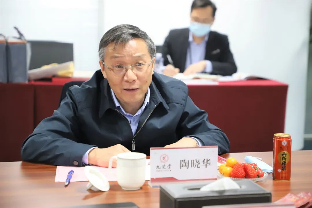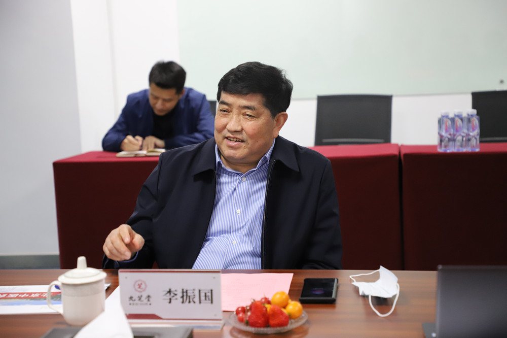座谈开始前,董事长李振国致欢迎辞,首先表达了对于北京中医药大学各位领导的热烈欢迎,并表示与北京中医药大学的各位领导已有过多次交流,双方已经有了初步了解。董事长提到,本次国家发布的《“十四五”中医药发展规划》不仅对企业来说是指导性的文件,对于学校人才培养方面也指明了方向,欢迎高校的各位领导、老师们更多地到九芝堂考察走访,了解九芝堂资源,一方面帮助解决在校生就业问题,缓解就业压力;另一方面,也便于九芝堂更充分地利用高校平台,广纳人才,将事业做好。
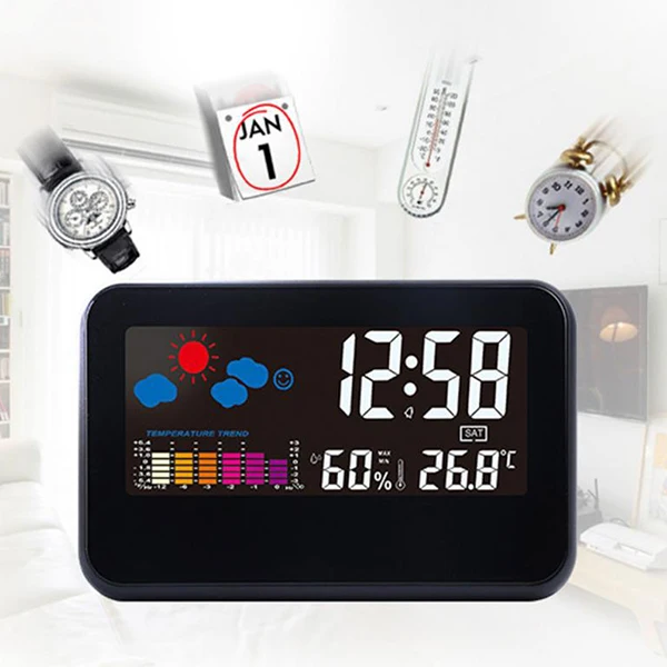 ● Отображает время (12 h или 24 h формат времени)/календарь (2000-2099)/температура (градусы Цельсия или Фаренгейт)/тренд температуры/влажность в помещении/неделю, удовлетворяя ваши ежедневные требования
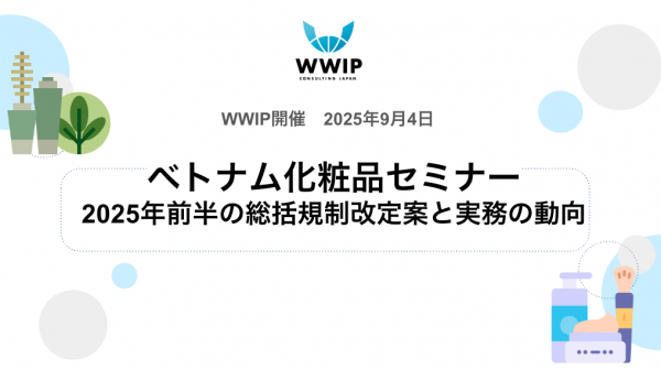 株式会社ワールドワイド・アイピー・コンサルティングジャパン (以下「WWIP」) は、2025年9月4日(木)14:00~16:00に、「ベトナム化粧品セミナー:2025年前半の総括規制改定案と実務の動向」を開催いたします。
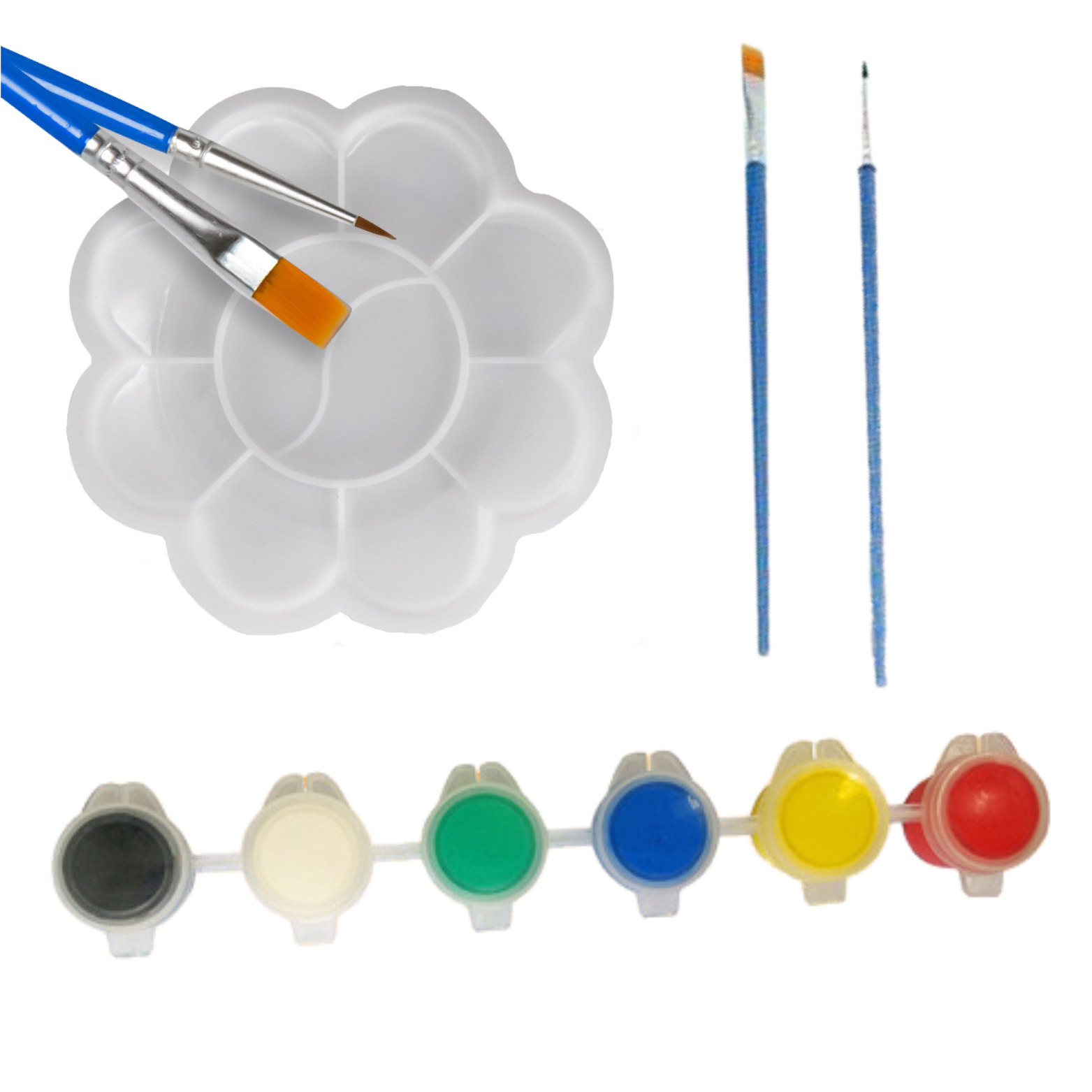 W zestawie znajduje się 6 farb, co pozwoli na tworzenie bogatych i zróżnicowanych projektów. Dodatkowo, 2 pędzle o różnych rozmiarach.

**EXERCISE DETAILS**
Please retype the data exactly as it appears, but without any of its pictures.

**RESULT BELOW**
座谈开始前,董事长李振国致欢迎辞,首先表达了对于北京中医药大学各位领导的热烈欢迎,并表示与北京中医药大学的各位领导已有过多次交流,双方已经有了初步了解。董事长提到,本次国家发布的《“十四五”中医药发展规划》不仅对企业来说是指导性的文件,对于学校人才培养方面也指明了方向,欢迎高校的各位领导、老师们更多地到九芝堂考察走访,了解九芝堂资源,一方面帮助解决在校生就业问题,缓解就业压力;另一方面,也便于九芝堂更充分地利用高校平台,广纳人才,将事业做好。
 ● Отображает время (12 h или 24 h формат времени)/календарь (2000-2099)/температура (градусы Цельсия или Фаренгейт)/тренд температуры/влажность в помещении/неделю, удовлетворяя ваши ежедневные требования
 株式会社ワールドワイド・アイピー・コンサルティングジャパン (以下「WWIP」) は、2025年9月4日(木)14:00~16:00に、「ベトナム化粧品セミナー:2025年前半の総括規制改定案と実務の動向」を開催いたします。
 W zestawie znajduje się 6 farb, co pozwoli na tworzenie bogatych i zróżnicowanych projektów. Dodatkowo, 2 pędzle o różnych rozmiarach.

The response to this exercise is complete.